Typical applications include:
- Monitoring electrical signals
- Fault detection in hydraulic systems
- Condition monitoring of machinery
- Cybersecurity (detecting unusual behaviour)
This approach belongs to unsupervised anomaly detection and is widely used in industry, IoT, and machine learning.
1. Motivation
In technical systems—for example electrical signals, hydraulic plants, or sensor monitoring—a common question is: how do you detect faults when no explicit fault models exist?
An elegant answer is reconstruction-based anomaly detection with autoencoders. A neural network is trained exclusively on normal conditions.

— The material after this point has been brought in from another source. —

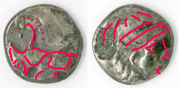 Im Bild anbei habe ich den Linienverlauf der Prägung ungefähr nachzuziehen versucht, Beizeichen konnte ich nicht mehr erkennen, das Münzlein hat doch schon einiges mitmachen müssen ... am Av. erkennt man jedenfalls noch genau den Bartansatz und das Ohr des Zeus und die Kugelwange.
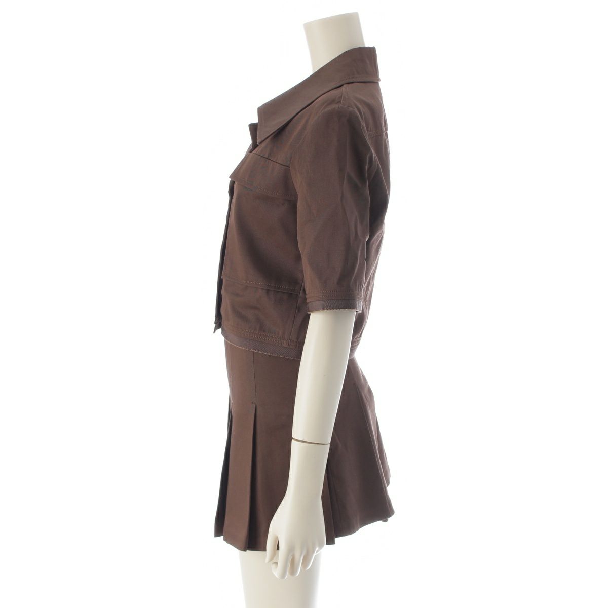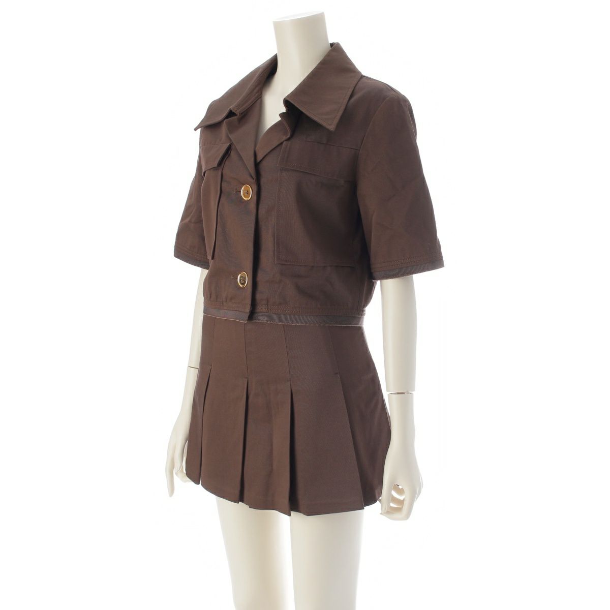 パトゥ 25SS コットン ギャバジン クロップドジャケット スカートセットアップ ブラウン 34

As soon as an unknown or faulty condition appears, the reconstruction error rises sharply.
- Unsupervised (no fault labels required)
- Model-free (no physical fault description needed)
- Scales well to many sensor signals
2. Intuitive explanation
An autoencoder learns: “What does normal system behaviour look like?”
For a known condition, the network reconstructs well. For an unknown condition (e.g. sensor fault, drift, defect) the signal can no longer be reproduced cleanly—the error increases.
3. Basic principle of an autoencoder
An autoencoder has three parts:
Input \(x\) → encoder → latent space \(z\) → decoder → reconstruction \(\hat{x}\)
Encoder: compresses the input signal, \(z = f(x)\).
Latent space: a compact representation of the most important features.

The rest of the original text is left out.